As in other jurisdictions, false patent marking may lead to sanctions. According to Sections 110 and 111 of the Patents Act 1977, falsely representing that a product is patented or that a patent application has been made may lead to summary conviction and a fine. Consequently, any change in the patent's status necessitates a corresponding adjustment in the marking.
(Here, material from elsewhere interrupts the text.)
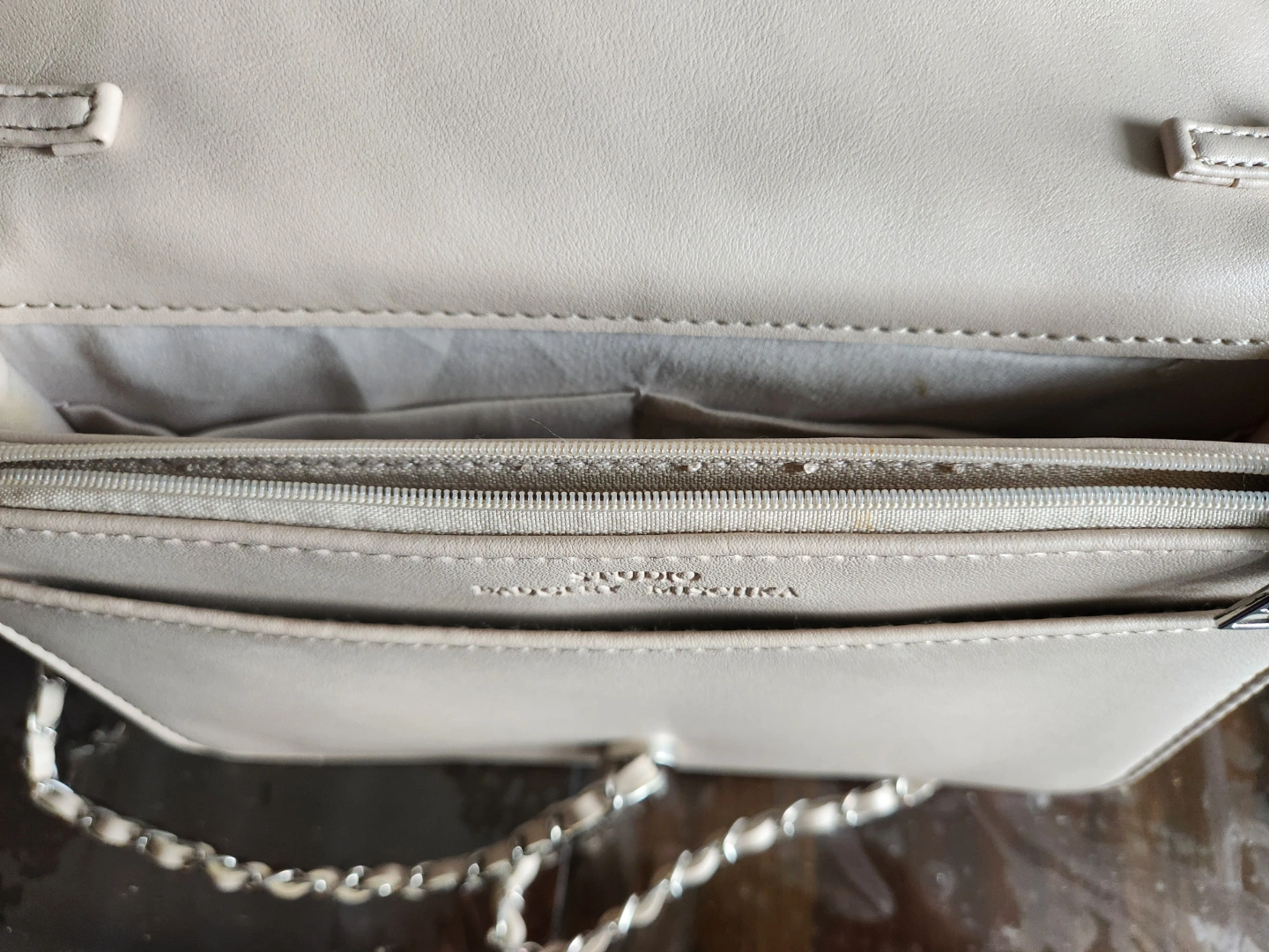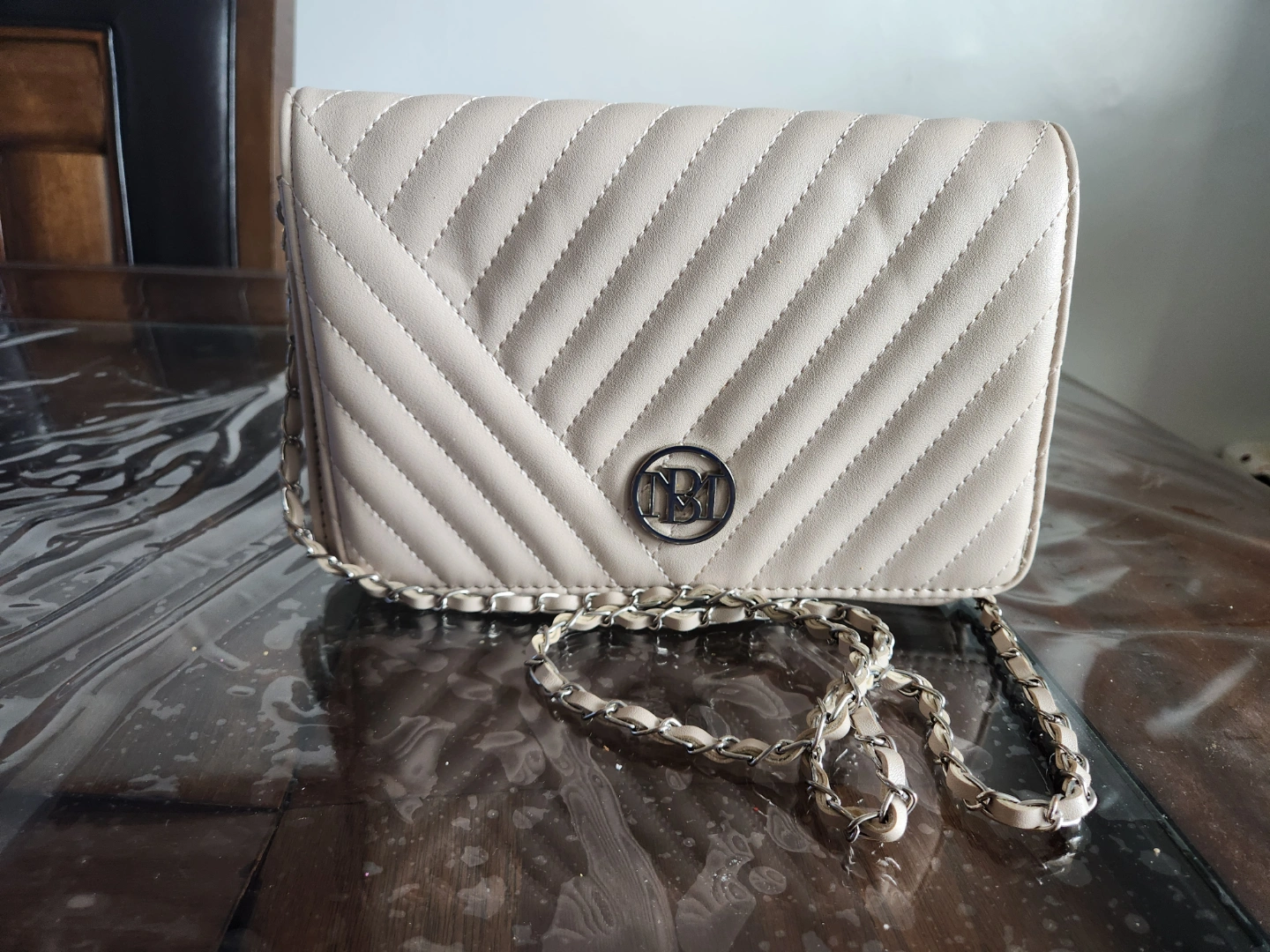 Beige quilted crossbody bag. Features a silver chain strap and logo detail. Interior zipper pocket and multiple compartments. Excellent for everyday use.
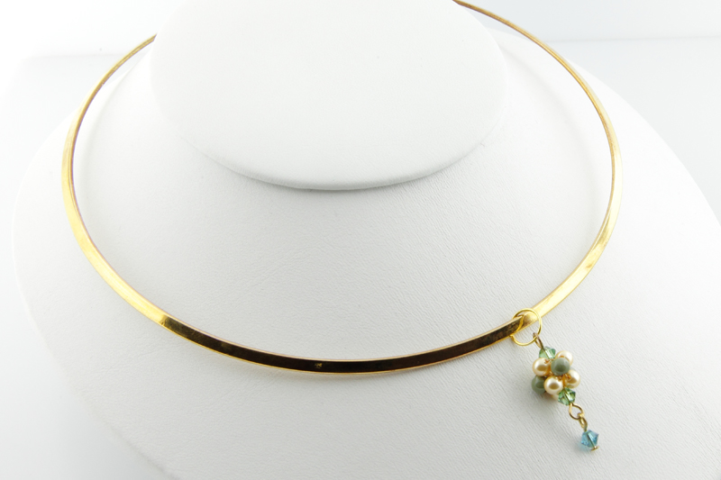 14. Следвайте инструкциите от виртуалното ателие на Marabu.bg за да отворите позлатената халкичка без да я деформирате. Нанижете халкичката на свободното уше на телчето с плетено мънисто и прикачете към основата за огърлица.

Misleading advertising through patent marking and e-marking is also punished under the Consumer Protection from Unfair Trading Regulations 2008 and the Business Protection from Misleading Marketing Regulations 2008.

Three Key Takeaways

  1. Unlike in the United States, patent marking has more limited benefits in Europe. In the United Kingdom, patent marking only has the positive effect of countering an infringer's innocence defense. In France and Germany, advantages of patent marking are limited to simple commercial or advertising benefits.
  2. Patent holders considering patent marking should ensure that the marking accurately represents the current patent status and that it cannot be considered misleading in any manner. The patent used for marking must be both valid and in force within the specific jurisdiction. Otherwise, patent holders bear the risk of misleading the public and violating patent laws and unfair competition laws.
  3. Patent holders should also consider benefits of e-marking, which allows efficient information updates on a product's IP status, such as when a patent expires or is revoked, or a patent application is refused, withdrawn, or granted, as this would avoid unnecessary commercial costs associated with updating marked products.